Thoughts of the Intellectual Few

A tongue-in-cheek look at the world and the life of a man who sees things clearly, albeit through cynical glasses.

Wednesday, January 26, 2005

Austin and Jackson

I've made mention of the boys. Here they are in sunny SoCal. Austin is lying down. Jackson is standing. They both seem to have the contemplative nature that their father is famous for.

Friday, January 21, 2005

A little background ...


Following Through

Close to half the 34 years of my life has been spent pursuing a college degree. In that time I have seen two Gulf Wars by father and son presidents. I’ve seen the explosion of Grunge music led kicking and screaming by Kurt Cobain and Nirvana, the suicide of Cobain and the 10-year anniversary of his death.

I have seen the cell phone, HDTV, the Internet and the SUV become entrenched in the vocabulary and consumption of society. I’ve seen the stock market and a few of my own investments rise to unheard of heights thanks to the late ‘90s dot com companies and seen the market and those investments fall just as fast when Clinton left office and Enron became an adjective for greed.
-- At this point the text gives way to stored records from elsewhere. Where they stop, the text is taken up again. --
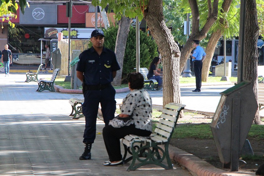 Los uniformados se encuentran en toda la ciudad. Algunos tienen barbijo y guantes, otro no; pero todos conservan la distancia a la hora de pedirle a la población que regrese a sus domicilios y cumpla con la cuarentena.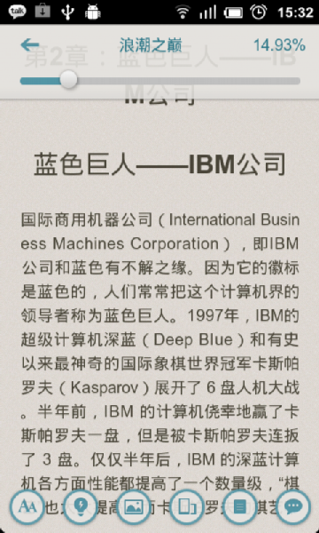 5.圖書閱讀支持字體縮放、背景更換(比如有的人喜歡淺藍,有人喜歡淺綠,淺黃等等)、橫豎屏切換、夜間模式與白天模式切換,亮度調整等功能,智能目錄解析讓你看書不再雜亂無章;如下圖: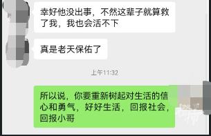 “真是麻烦你们了”,她对小哥和民警来救她,很感激又难为情不好意思,“幸好他没事,不然这辈子救了我,我也活不下去了。“真是老天保佑”。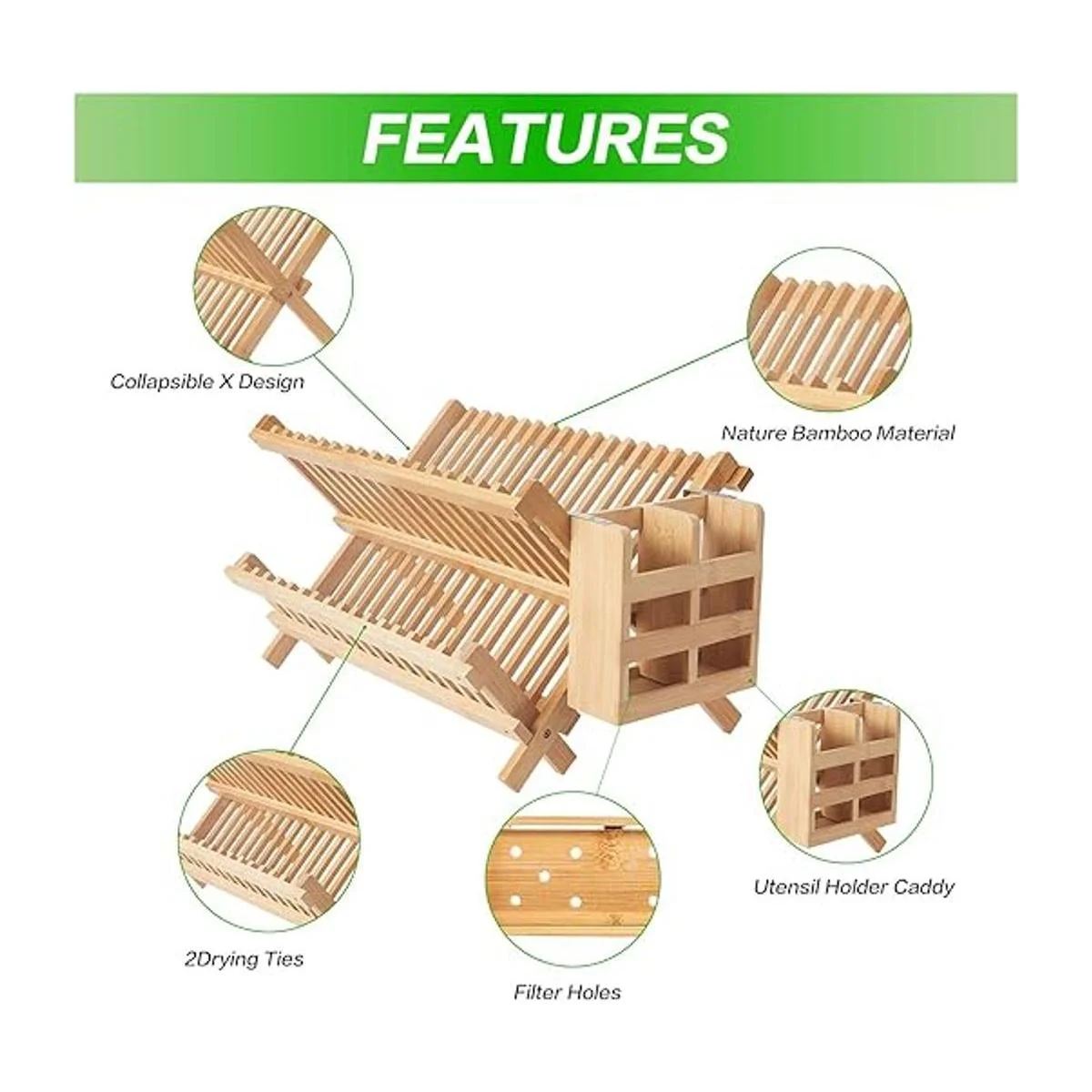 NOVAYEAH Escurridor de platos de bambú de 2 niveles, pequeño estante plegable con soporte para utensilios, escurridor de madera para encimera de cocina, soporte para platos de cocina esencial para apartamentos, organización de cocina

I’ve lost loved ones, dear friends and valuable mentors. I’ve had great fortune and bitter disappointment. I’ve kissed movie stars and won big in Vegas. I’ve been on national television and in neighborhood theatres. I’ve had a full career as an actor and a writer and I have given it all up more than once.

I’ve led a pretty full life up to the present and had some amazing experiences, but all of those developments and moments in time seem like estuaries and inlets in the river of my life. More importantly are the things I have seen grow and change within the main channel of myself. I’ve become a man, husband, father – a more complete person, and little of it has been because of my time in college – a span of roughly 15 years of on-again-off-again study where I made many small mistakes and one big one.

The beginning started out well enough. It was the fall of 1989. I was a cocky, smiling freshman ready to soak up as much knowledge as I could find. I was an idealist. I wanted to heal, save and change the world. I enrolled as a pre-med major, but I had a passion for acting and performing.

From the start, I enjoyed the entire collegiate experience. I made friends – good friends that fed me intellectually, socially and emotionally. I joined a fraternity, dated girls and tested the limits of my freedom.

I performed in my first play at Rhodes College my second semester there. For the role, I was chosen Best Supporting Actor in town by the Memphis Theatre Awards, a poor man’s Tony award for the river city.

Somewhere along the way I realized I spent more time in the theater and less in the biology lab. I liked the people better in the theater and liked the activities more as well. Theater classes never seemed like work to me. I thought it was my life’s calling, so I changed my major to Theater in preparation for my future career as an actor and writer.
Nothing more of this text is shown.